The clinician’s concept of mitral stenosis (MS) is often based around the model of rheumatic disease in younger patients. In such rheumatic patients, management is generally clear and current guidelines [Citation1] offer a structured approach to investigation and treatment. However, as in many other cardiovascular diseases, the patient profile in countries with advanced economies has changed. Patients with MS today are older and suffer from multiple diseases that effect cardiac function. With advancing age the pathology also becomes more complex, and there is an increasing shift from rheumatic to degenerative MS caused by mitral annular calcification (MAC) encroaching on valve leaflet function [Citation2]. Conventional imaging approaches (usually by echocardiography) have involved understanding obstruction at the level of the valve. The mitral valve area reduces which impedes flow resulting in an atrioventricular pressure gradient, raised LA pressure and ultimately pulmonary hypertension. This is an oversimplification which becomes more clinically relevant as the disease process and the clinical profile of the patients become more complicated. All of these factors mean our current approaches to medical, surgical and percutaneous management may not deliver equivalent outcomes compared with more conventional rheumatic patients.
MS remains a relatively rare disease which in a recent large analysis of public health records in Sweden was found in only 1917 (0.02%) individuals [Citation3]. For comparison overall, the rates for valvular heart disease in this study were 0.65% across all age groups with a dramatic increase from the fifth decade onwards. In a recent UK cohorts the MS was found in 0.1% in healthy screened subjects over 65 years [Citation4], while in the US, a prevalence of 0.2% in those over 75 undergoing population screening has been noted [Citation5]. Surprisingly, mitral stenosis seems to be following the same age trajectory as other valve diseases, and, although patients with prior rheumatic fever are still 3.5 times more likely to suffer from MS, many cases have no antecedent rheumatic history nor clear rheumatic changes on echocardiography. In the EuroHeart survey (limited to moderate and severe disease) which is now more than 15 years old, the proportion of cases with degenerative disease was 12.5% [Citation6]. This trend suggests a shift from rheumatic to degenerative valvular pathology with advancing age. There is a female preponderance for both degenerative and rheumatic MS [Citation3,Citation7–Citation9]. Why women are more likely to develop stenosis is not known.

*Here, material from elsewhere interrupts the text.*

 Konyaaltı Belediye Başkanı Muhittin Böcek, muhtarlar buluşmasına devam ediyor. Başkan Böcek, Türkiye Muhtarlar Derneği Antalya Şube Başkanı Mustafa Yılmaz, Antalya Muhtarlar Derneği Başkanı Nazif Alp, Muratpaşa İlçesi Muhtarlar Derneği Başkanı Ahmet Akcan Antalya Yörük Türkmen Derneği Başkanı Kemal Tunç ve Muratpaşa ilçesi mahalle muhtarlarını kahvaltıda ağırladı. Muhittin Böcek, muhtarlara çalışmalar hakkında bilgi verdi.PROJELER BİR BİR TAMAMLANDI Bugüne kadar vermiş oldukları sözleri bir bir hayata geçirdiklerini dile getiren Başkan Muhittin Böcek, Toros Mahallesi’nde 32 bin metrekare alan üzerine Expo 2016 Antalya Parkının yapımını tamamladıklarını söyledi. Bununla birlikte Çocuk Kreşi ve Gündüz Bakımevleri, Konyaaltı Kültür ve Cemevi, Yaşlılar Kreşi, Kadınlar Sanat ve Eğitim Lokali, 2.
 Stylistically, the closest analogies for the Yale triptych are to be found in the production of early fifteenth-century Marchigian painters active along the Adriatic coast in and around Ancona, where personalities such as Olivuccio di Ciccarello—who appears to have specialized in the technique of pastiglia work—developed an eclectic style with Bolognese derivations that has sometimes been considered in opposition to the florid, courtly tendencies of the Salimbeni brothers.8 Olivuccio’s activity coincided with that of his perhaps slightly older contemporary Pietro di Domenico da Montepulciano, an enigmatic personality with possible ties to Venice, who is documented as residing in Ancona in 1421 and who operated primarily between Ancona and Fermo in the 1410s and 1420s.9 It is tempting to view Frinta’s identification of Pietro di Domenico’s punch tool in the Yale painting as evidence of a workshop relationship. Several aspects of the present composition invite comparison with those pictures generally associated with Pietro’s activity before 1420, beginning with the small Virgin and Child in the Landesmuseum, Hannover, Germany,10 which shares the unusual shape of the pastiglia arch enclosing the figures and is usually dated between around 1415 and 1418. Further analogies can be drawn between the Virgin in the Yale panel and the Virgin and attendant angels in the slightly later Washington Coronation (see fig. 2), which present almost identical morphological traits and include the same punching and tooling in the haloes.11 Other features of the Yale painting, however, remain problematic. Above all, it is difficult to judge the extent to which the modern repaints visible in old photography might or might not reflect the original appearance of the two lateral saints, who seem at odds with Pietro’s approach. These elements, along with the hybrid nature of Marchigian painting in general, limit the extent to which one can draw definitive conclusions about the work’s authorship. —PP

Current European Society of Cardiology/European Association of Cardiothoracic Surgery (ESC/EACTS) [Citation1] suggest balloon valvotomy or surgery for patients with symptomatic moderate or severe MS defined as a mitral valve area (MVA) of less than 1.5cm2. In those with significant MS and no symptoms, intervention may be offered in line with a very narrow set of indications to prevent thromboembolism or pulmonary hypertension. Although the guidelines also allude to intervention with those with mitral valve areas greater than 1.5cm2 no real guidance about how to assess this situation is provided. A major weakness in the guidance is that it does not specifically differentiate between rheumatic and degenerative mitral stenosis, despite the latter having a different pathology, different patient profile and very different outcomes to intervention.

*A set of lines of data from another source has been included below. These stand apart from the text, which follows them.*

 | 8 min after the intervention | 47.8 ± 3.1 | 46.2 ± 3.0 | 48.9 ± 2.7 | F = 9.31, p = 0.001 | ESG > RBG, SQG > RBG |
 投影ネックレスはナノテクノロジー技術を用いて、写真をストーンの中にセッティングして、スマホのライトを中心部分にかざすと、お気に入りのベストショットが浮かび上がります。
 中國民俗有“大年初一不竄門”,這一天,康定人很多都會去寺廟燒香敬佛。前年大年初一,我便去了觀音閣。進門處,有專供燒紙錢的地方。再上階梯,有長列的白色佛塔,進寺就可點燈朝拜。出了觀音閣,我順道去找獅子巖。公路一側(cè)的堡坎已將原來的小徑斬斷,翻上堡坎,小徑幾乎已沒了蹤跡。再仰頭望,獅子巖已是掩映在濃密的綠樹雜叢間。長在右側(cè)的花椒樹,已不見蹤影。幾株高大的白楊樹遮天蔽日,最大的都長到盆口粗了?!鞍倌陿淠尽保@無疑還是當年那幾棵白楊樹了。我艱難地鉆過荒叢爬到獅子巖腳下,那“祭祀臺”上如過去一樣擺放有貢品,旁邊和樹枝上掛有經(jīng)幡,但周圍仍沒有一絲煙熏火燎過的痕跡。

A frequent clinical scenario is a breathless patient with MSan MVA > 1.5 cm2 who has either no other apparent cause in the case of rheumatic disease, or multiple possible causes in the case of degenerative disease. Pregnancy can act as a biological model because cardiac output involuntarily rises to meet increased metabolic demand. Cardiac events and mortality are frequent in women with a mitral valve orifice greater than 1.5 cm2. Up to 20% of women with mild MS develop pulmonary edema [Citation10]. MS therefore must still be considered the likely cause of breathlessness in patients with mild disease and no other reason for symptoms. Augmenting flow across the mitral valve assessed either by exercise or by dobutamine infusion may reveal important hemodynamic findings. The valve resistance, a measure which incorporates both gradients and flow, is an important predictor of pulmonary vascular changes [Citation11] and although not used in routine practice may better describe the obstructive character of the valve than gradient or valve area alone.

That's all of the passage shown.